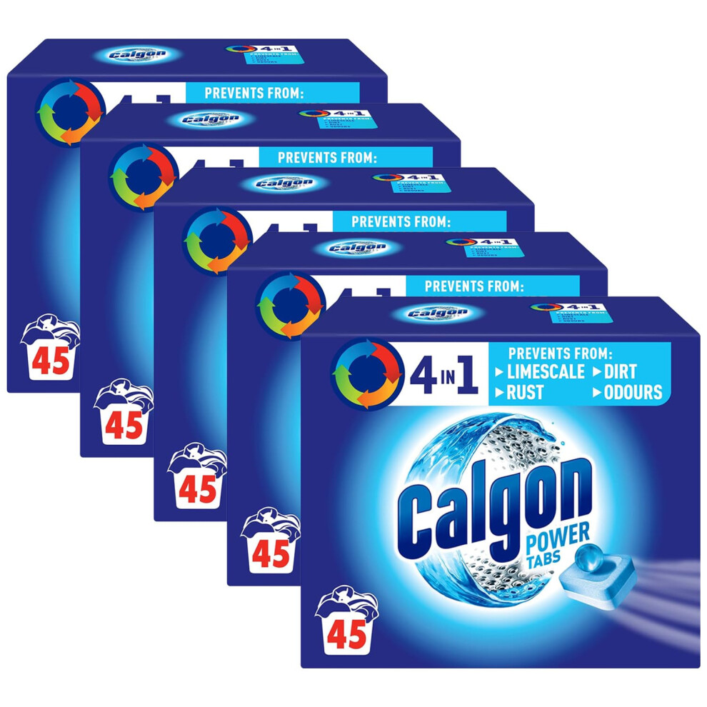 Calgon 4-in-1 Water Softener Tablets Washing Machine Cleaner Removes Odours Limescale Residue Deep Clean Units 45 Tablets Size L Pack of 45
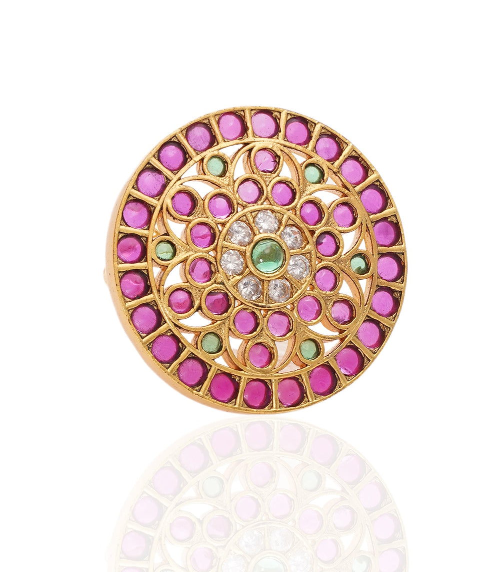 MANDALA RED & GREEN KUNDAN RING
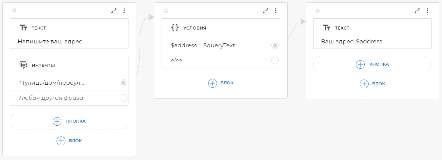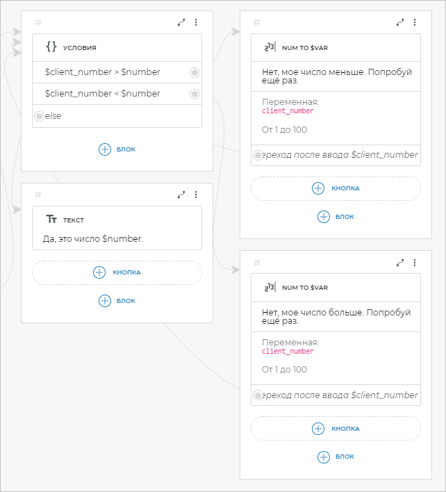 Вы можете использовать переменные в блоке Условия, чтобы бот менял ход диалога в зависимости от выполнения тех или иных условий.
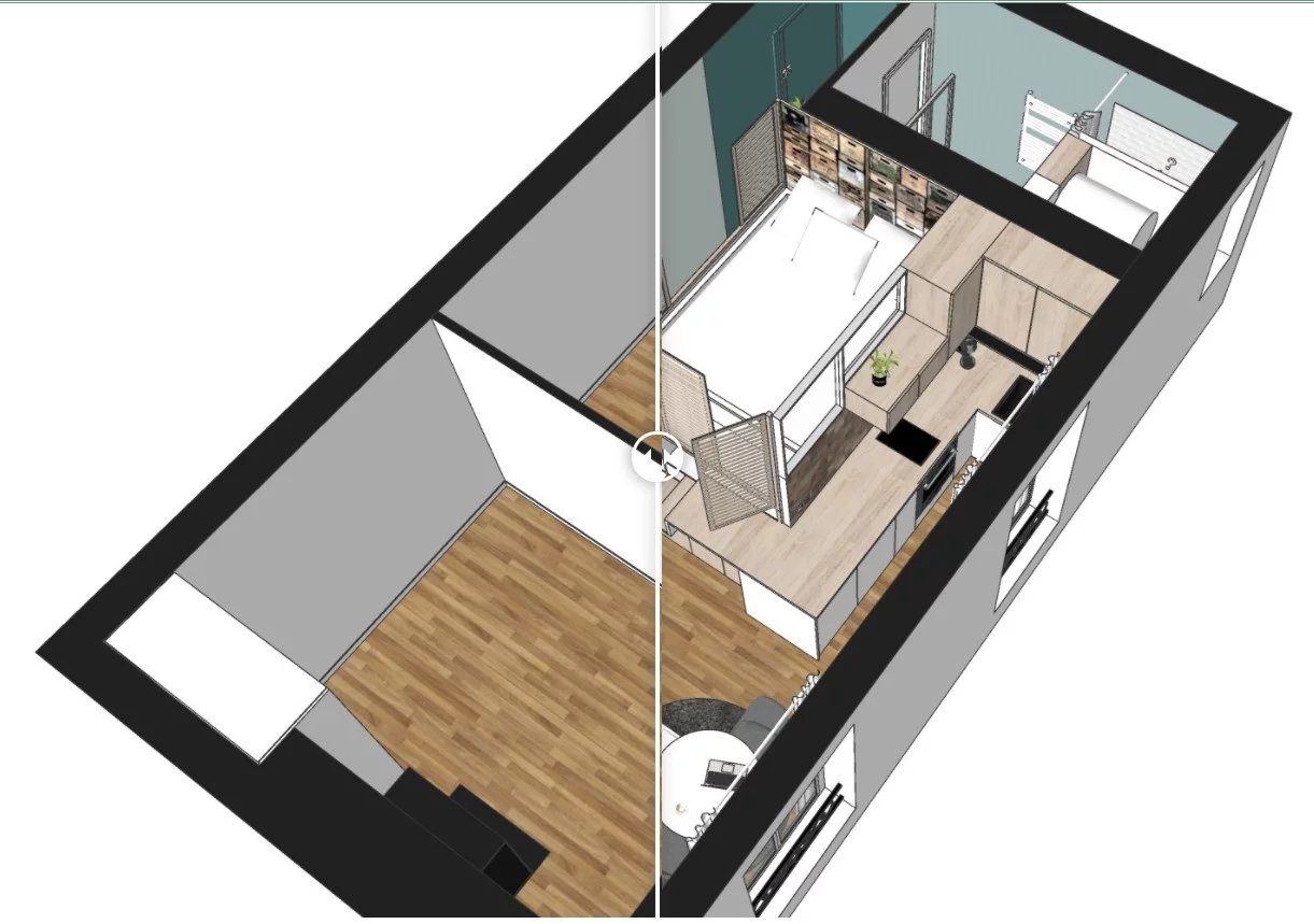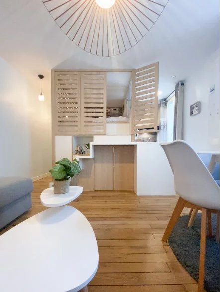 Cet espace cosy et fonctionnel vous séduira. L'espace nuit occupe une place centrale grâce au lit en hauteur . le cube crée est fonctionnel il accueille le coin couchage ainsi que de nombreux rangements . La pièce de vie est complétée par une cuisine ouverte tout équipée.
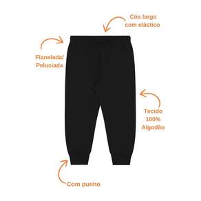 Calça Moletom Flanelado com Punho Infantil Menina Preto
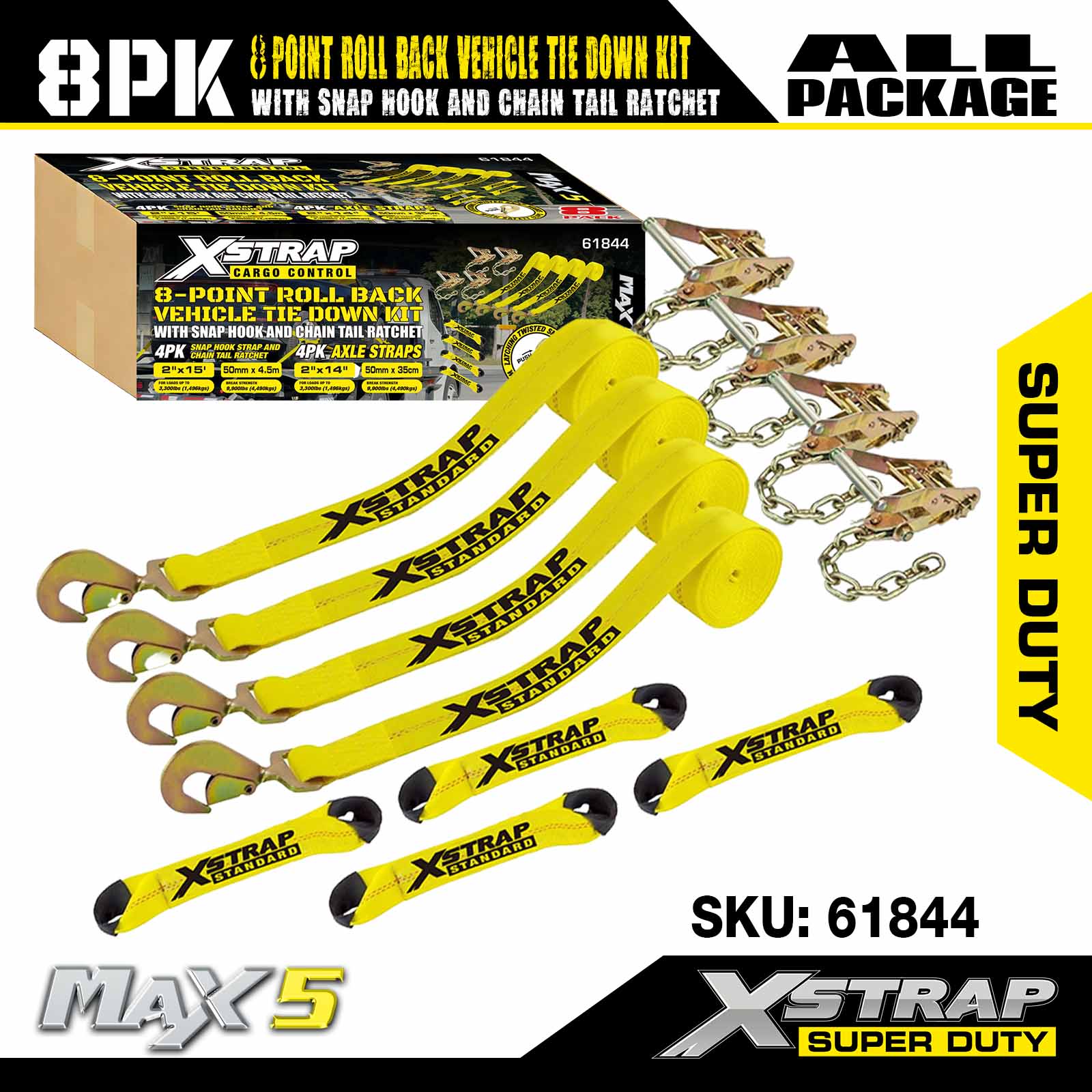 - حزام ربط شديد التحمل - حزام Xstrapclassic ذو ربطة عنق صفراء متين ومقاوم للقطع ومعالج لمقاومة الأشعة فوق البنفسجية. يتميز حزام البوليستر بنمط نسج خاص يضيف القوة، مما يوفر وزنًا يصل إلى 10,000 رطل. قدرة الكسر، وهي أعلى بكثير من حزام الربط التلقائي القياسي.
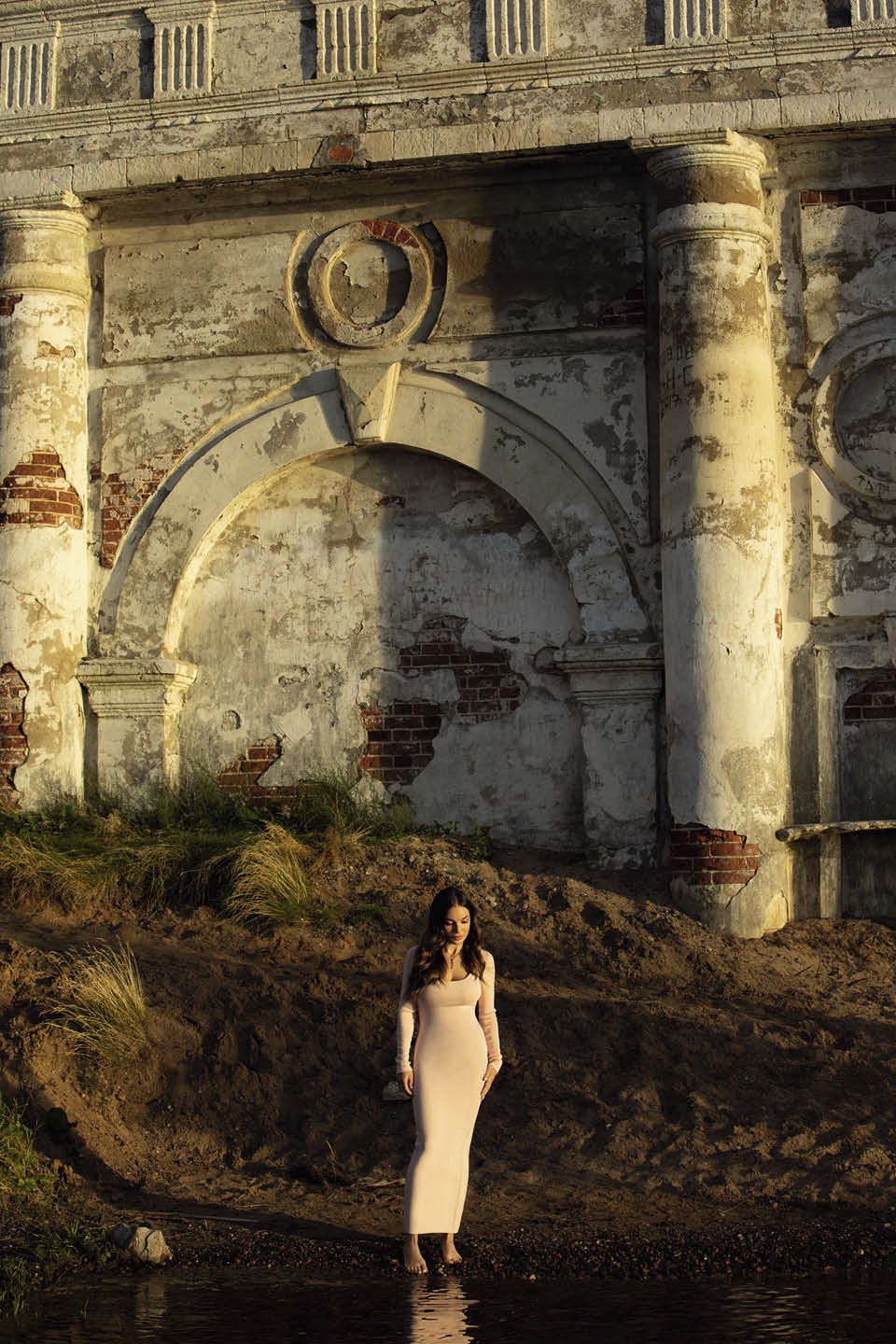 У колокольни Никольского собора в Калязине. Платье из вискозы и полиэстера, Wos; колье Sparkling Dance North с родиевым покрытием и покрытием оттенка розового золота и кристаллами, Swarovski.
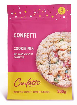 Confetti Sweets – a Canadian Company out of Edmonton, Alberta, have improved their smash-hit product – Totally Awesome Cookie Mix! After working with food scientists, their formulation has made baking fresh cookies even easier. Only one added ingredient – butter – is needed to add to the mix in order to make the perfect cookies every time. Previously the customer was required to add butter, egg, vanilla (and molasses for gingersnap cookies). Confetti Sweets’ original cookie mix is selling in grocery stores throughout the country and sales are expected to jump even more with the new formulation!
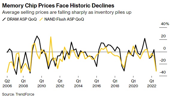 三星一直在艰难应对内存价格的历史性下跌,因为利率和通胀不断飙升,消费者减少了对电子产品的购买。库存堆积如山,迫使价格出现两位数的下滑,加剧了损失。

____

■ TASK DIRECTIONS ■
From the first line to the last, set down the data exactly, without the pictures.

■ YOUR RESPONSE ■
 Calgon 4-in-1 Water Softener Tablets Washing Machine Cleaner Removes Odours Limescale Residue Deep Clean Units 45 Tablets Size L Pack of 45
 MANDALA RED & GREEN KUNDAN RING
 Вы можете использовать переменные в блоке Условия, чтобы бот менял ход диалога в зависимости от выполнения тех или иных условий.
 Cet espace cosy et fonctionnel vous séduira. L'espace nuit occupe une place centrale grâce au lit en hauteur . le cube crée est fonctionnel il accueille le coin couchage ainsi que de nombreux rangements . La pièce de vie est complétée par une cuisine ouverte tout équipée.
 Calça Moletom Flanelado com Punho Infantil Menina Preto
 - حزام ربط شديد التحمل - حزام Xstrapclassic ذو ربطة عنق صفراء متين ومقاوم للقطع ومعالج لمقاومة الأشعة فوق البنفسجية. يتميز حزام البوليستر بنمط نسج خاص يضيف القوة، مما يوفر وزنًا يصل إلى 10,000 رطل. قدرة الكسر، وهي أعلى بكثير من حزام الربط التلقائي القياسي.
 У колокольни Никольского собора в Калязине. Платье из вискозы и полиэстера, Wos; колье Sparkling Dance North с родиевым покрытием и покрытием оттенка розового золота и кристаллами, Swarovski.
 Confetti Sweets – a Canadian Company out of Edmonton, Alberta, have improved their smash-hit product – Totally Awesome Cookie Mix! After working with food scientists, their formulation has made baking fresh cookies even easier. Only one added ingredient – butter – is needed to add to the mix in order to make the perfect cookies every time. Previously the customer was required to add butter, egg, vanilla (and molasses for gingersnap cookies). Confetti Sweets’ original cookie mix is selling in grocery stores throughout the country and sales are expected to jump even more with the new formulation!
 三星一直在艰难应对内存价格的历史性下跌,因为利率和通胀不断飙升,消费者减少了对电子产品的购买。库存堆积如山,迫使价格出现两位数的下滑,加剧了损失。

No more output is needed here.